Oxidative phosphorylation is the hypothetical means by which ATP is generated from inorganic phosphate and ADP within mitochondria. It is tightly linked to the passage of high-energy electrons down the electron transfer chain.
The most plausible hypothesis to link the production of ATP by the enzyme ATP synthase with the reactions in the electron transfer chain is that of chemiosmosis:
- electron transfer at certain enzymes within the respiratory chain acts to pump protons from the inside to the outside of the inner mitochondrial membrane
- this establishes a proton gradient across the membrane
- the passage of the protons back across the membrane down the electrochemical gradient causes a conformation change in ATP synthase; the proton gradient and ATP synthase are coupled
- the conformation change in ATP synthase catalyzes the coupling of ADP and inorganic phosphate to form ATP
- ATP is then used as a universal energy intermediate by the cell
Oxidative phosphorylation is dependent on the tricarboxylic acid cycle, and to a lesser extent pathways such as glycolysis, to provide a 'driving force' in terms of NADH and FADH2 for the electron transport chain.
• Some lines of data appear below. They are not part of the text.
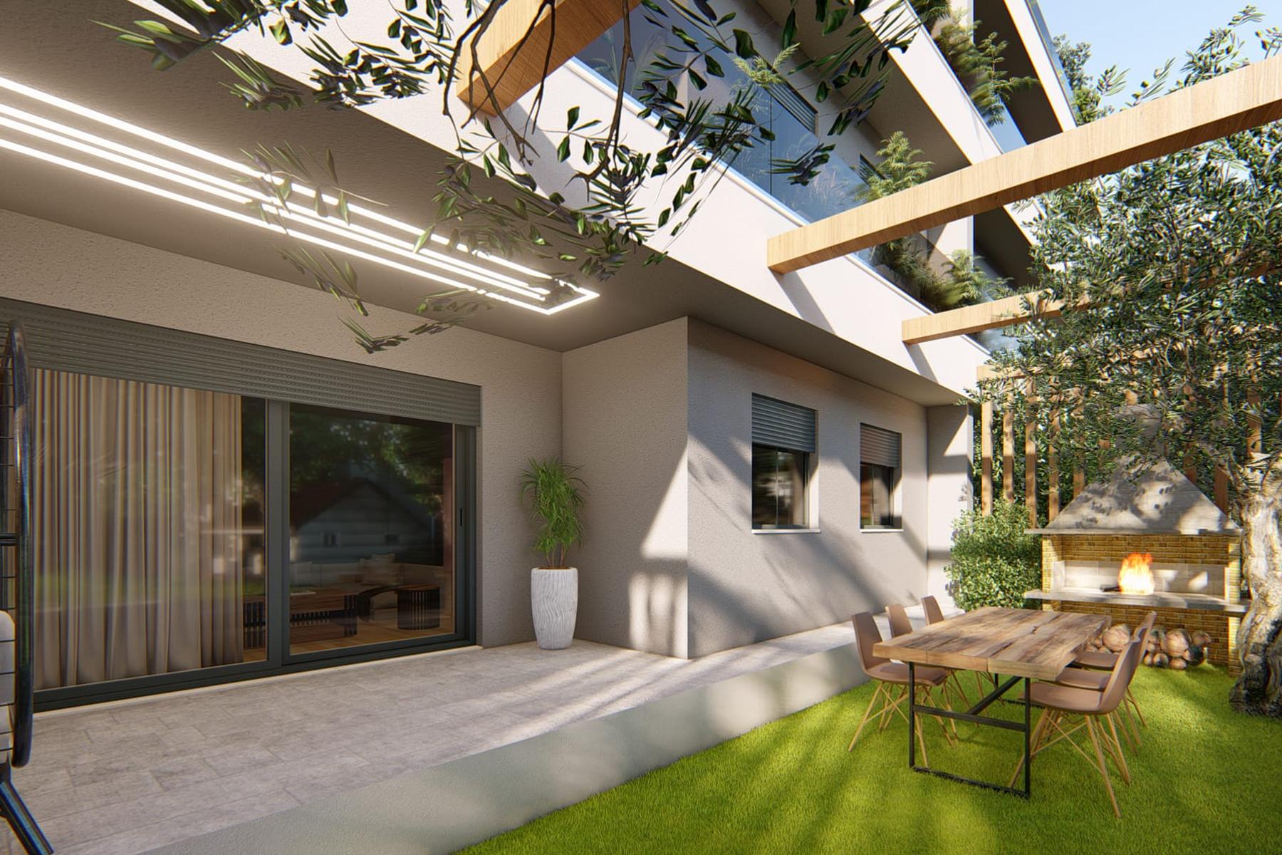 Przestronne mieszkanie położone na parterze nowoczesnego budynku w chorwackim Kaštela to idealna propozycja dla osób szukających luksusu w spokojnej okolicy. Lokal o powierzchni prawie 91 m² oferuje przemyślany rozkład oraz funkcjonalne pomieszczenia. Głównym atutem nieruchomości jest otwarta przestrzeń dzienna, która łączy kuchnię z jadalnią oraz salonem, stanowiąc idealne miejsce do codziennego relaksu oraz przyjmowania gości. Ciepło domowego ogniska podkreśla kominek, który tworzy przytulną atmosferę w chłodniejsze dni.
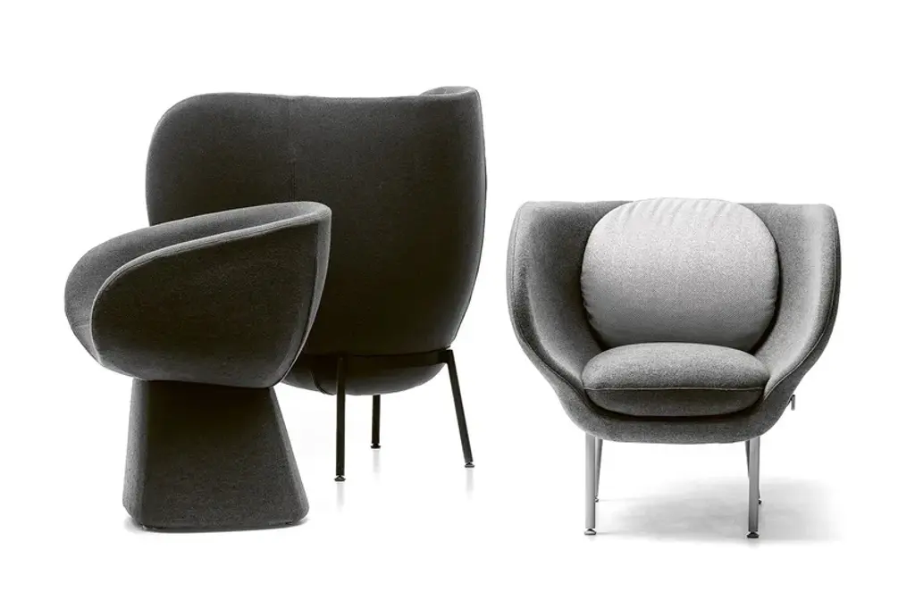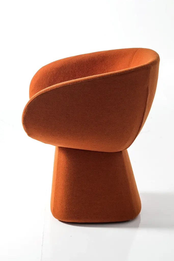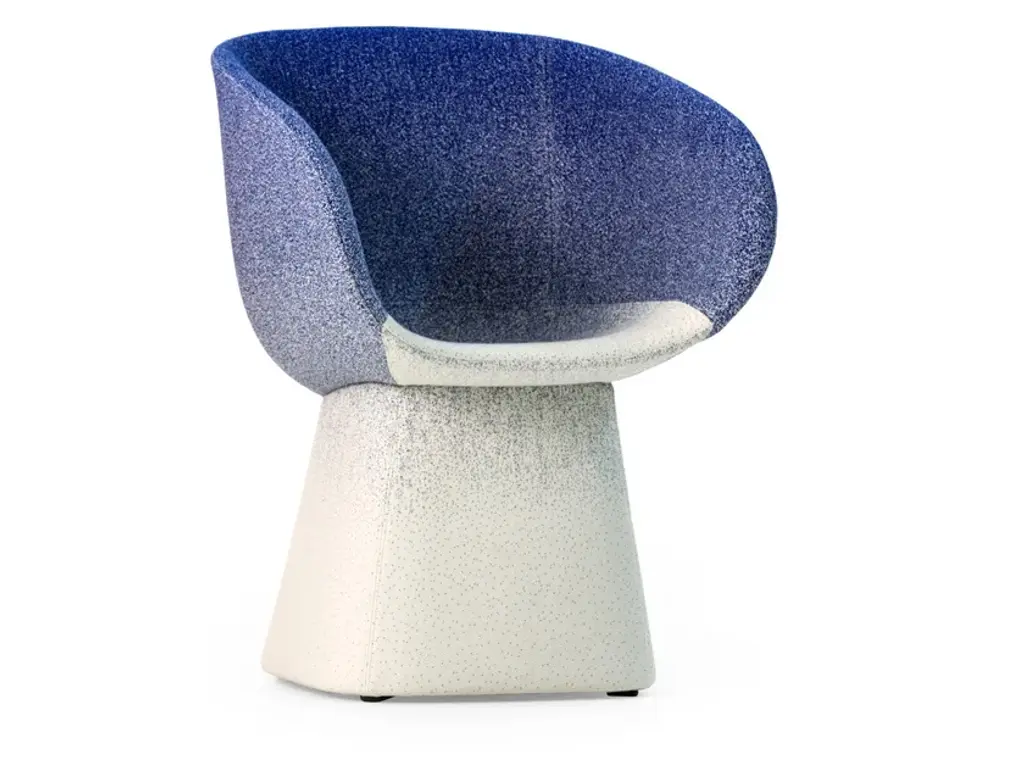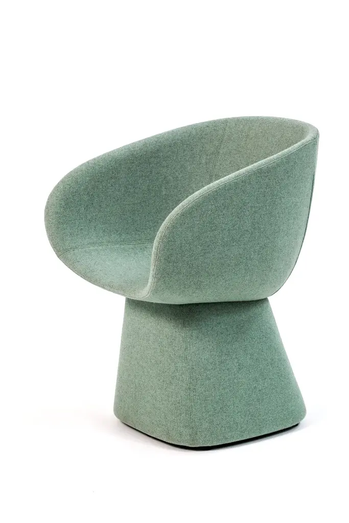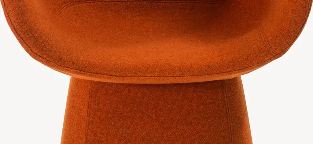 Armada has injected flame-retardant polyurethane foam over internal steel frame.Dining chair base is fully upholstered. Available in fabric or leather. Covers are not removable.’Armada’ is a sculptural seating collection that was designed for open work and lounge spaces. The blown forms of the armchairs billow out from the seat like wind filled sails, creating a sense of lightness and movement, while providing degrees of privacy and seclusion. The form language explores the use of surface and volume through a combination of thin upholstered sides with voluminous soft cushions on the inside providing comfort for working on the move. The collection consists of a high and low back armchair and a fully upholstered dining chair on a pedestal.
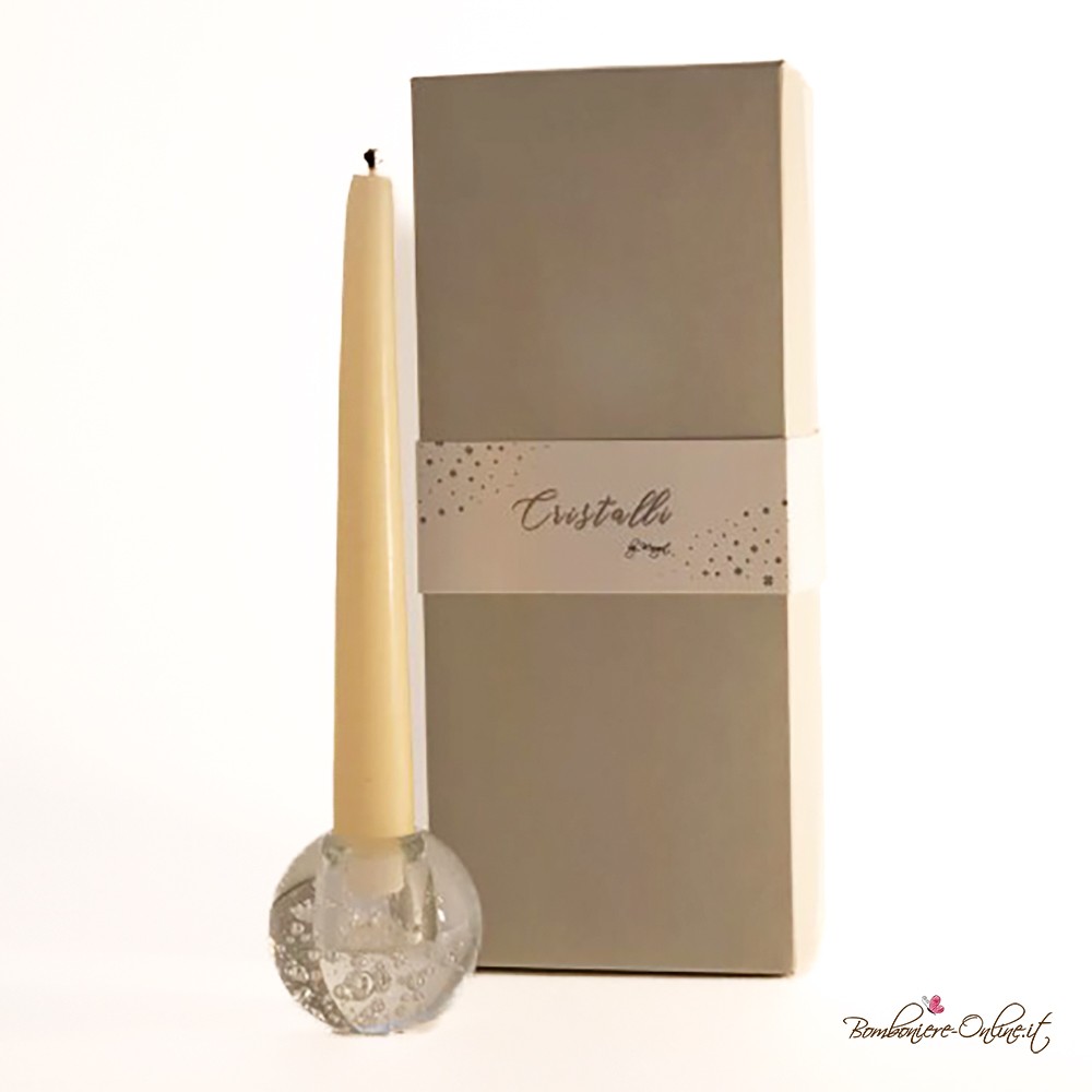 Bomboniera Portacandela sfera di vetro con bollicine interne che lo impreziosiscono.
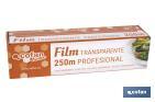 Film transparente para uso profesional con estuche de sierra de corte. Medida disponible de 250 metros y ancho de 30 cm. Protege y conserva el sabor y la frescura de los alimentos en el frigorífico o congelador, evita la pérdida de humedad, y la transmisión de olores. Es muy práctico para poner en todo tipo de recipientes. Lámina autoadherente que permite recuperar la flexibilidad y resistencia.
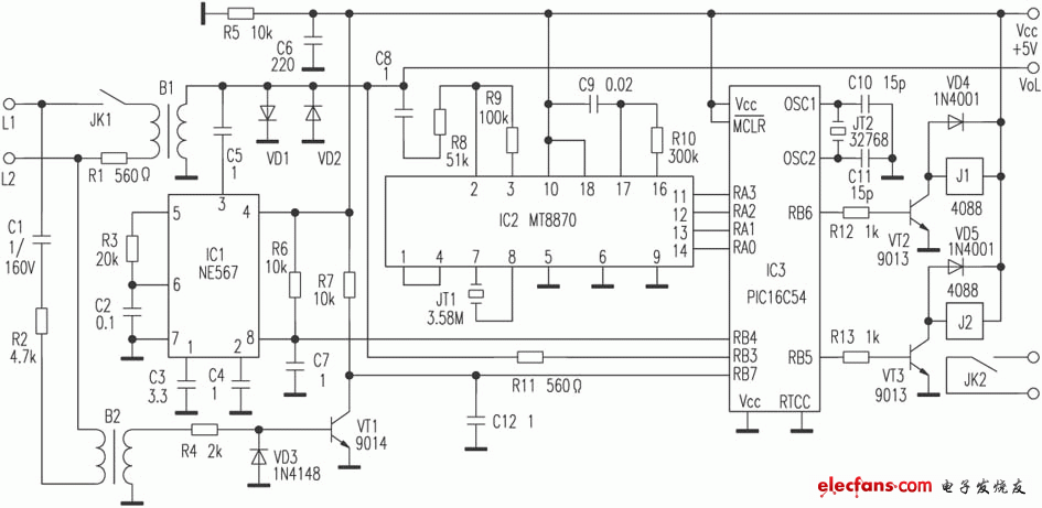 16 結(jié)合電話遠程控制器的低功耗設(shè)計,探討PIC單片機低功耗的設(shè)計方法,并給出設(shè)計電路原理圖。

Conversely, when supplies of NADH and FADH2 are low, ATP hydrolysis by ATP synthase can be coupled to produce them by the electron transport chain working in reverse. This is facilitated by all of the electron transport chain enzymes being near-equilibrium.
Further, the uncoupling of ATP synthase and the electron transport chain occurs in brown fat. The proton gradient is used to create heat rather than ATP.